Среди видов, описанных Остедом, – гигантские черепахи, например галапагосская, которая держит рекорд по продолжительности жизни среди наземных позвоночных и неспешно, вразвалочку добредает до 200 лет. Не исключено, что еще жива та галапагосская черепаха, которую обнаружил Дарвин во время пятилетнего плавания на корабле «Бигль» (1831–1836). К тому же бо́льшую часть своей длинной жизни эти существа не знают никаких болезней, например раковых опухолей. Впрочем, определить КД галапагосской черепахи – задача не из простых. Во-первых, у них сложно установить точный возраст: их жизнь недостаточно документирована и окружена легендами и преувеличениями. Но еще сложнее ответить на вопрос, сколько такая черепаха на самом деле весит. Немалую часть этого веса составляет панцирь, который скорее подобен нашим волосам и ногтям, чем тканям, активно участвующим в метаболизме, поэтому сравнение черепахи с другими животными может ввести в заблуждение.
Гигантские черепахи, вероятно, не единственные долгожители.
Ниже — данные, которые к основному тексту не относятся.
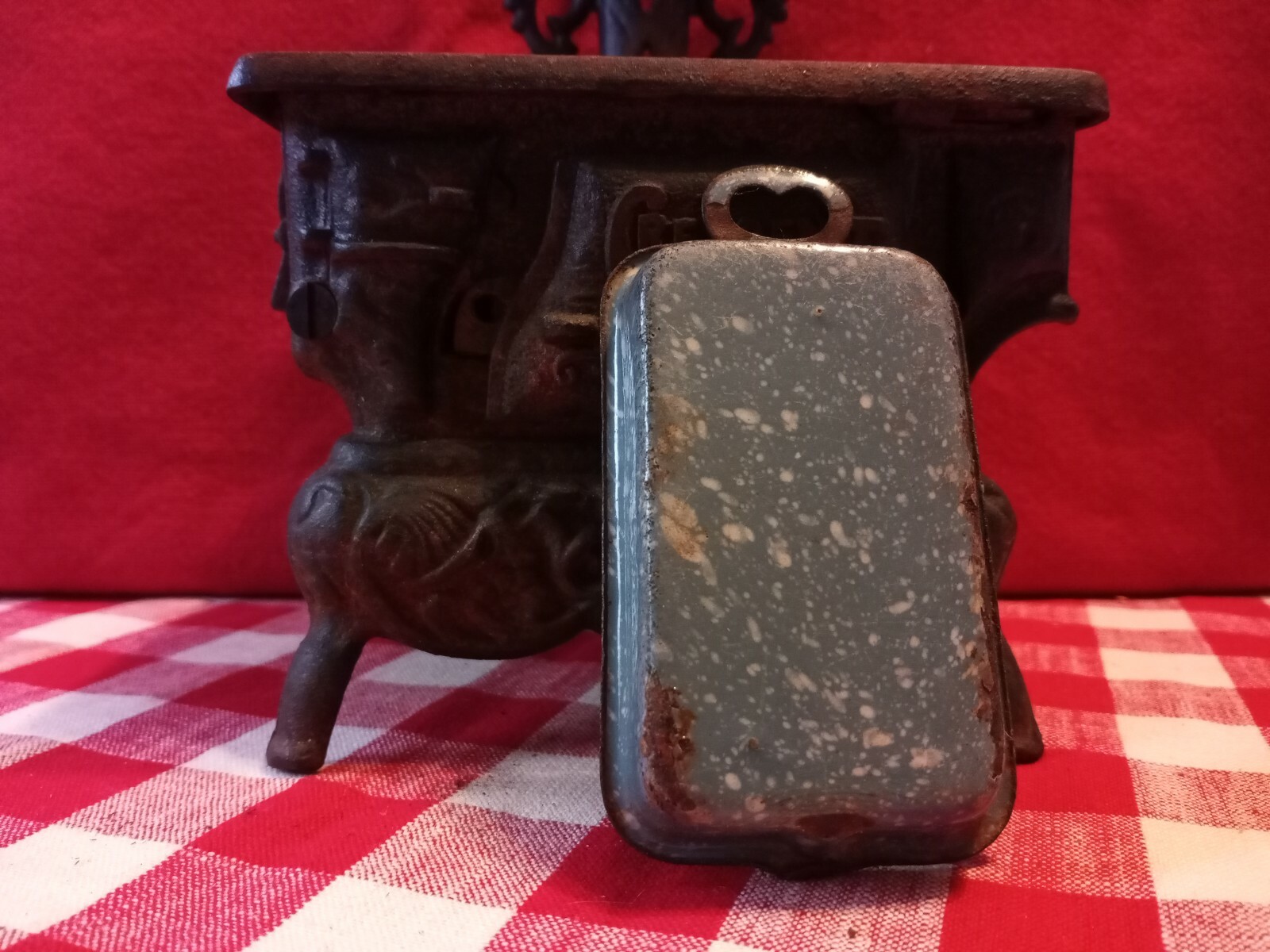 как выглядит Antique Toy Blue Speckled Enamelware Drip Pan Or Roaster. фото

Были проведены два исследования по оценке[44] продолжительности жизни различных черепах, других рептилий и амфибий, которые выявили пренебрежимое старение у нескольких видов черепах и у некоторых других животных. Биологический термин «пренебрежимое старение» в массовом сознании подразумевает «вечную жизнь», но такое толкование не вполне верно. На деле он означает, что смертность, или вероятность умереть, не повышается с возрастом.
Зависимость смертности от возраста установил в 1825 г. британский математик-самоучка Бенджамин Гомперц. Он работал в страховой компании, и его, естественно, занимал вопрос: когда может умереть клиент, страхующий свою жизнь? Основательно изучив акты о смерти, он установил, что к концу третьего десятилетия жизни риск смерти начинает расти год от года по экспоненте. Примерно каждые семь лет он удваивается. В 25 лет вероятность умереть в следующем году у нас составляет всего около 0,1 %. К 60 годам она поднимается до 1 %, в 80 составляет 6 % и в 100 лет – 16 %. У человека, дожившего[45] до 108 лет, вероятность прожить еще год составляет 50 %.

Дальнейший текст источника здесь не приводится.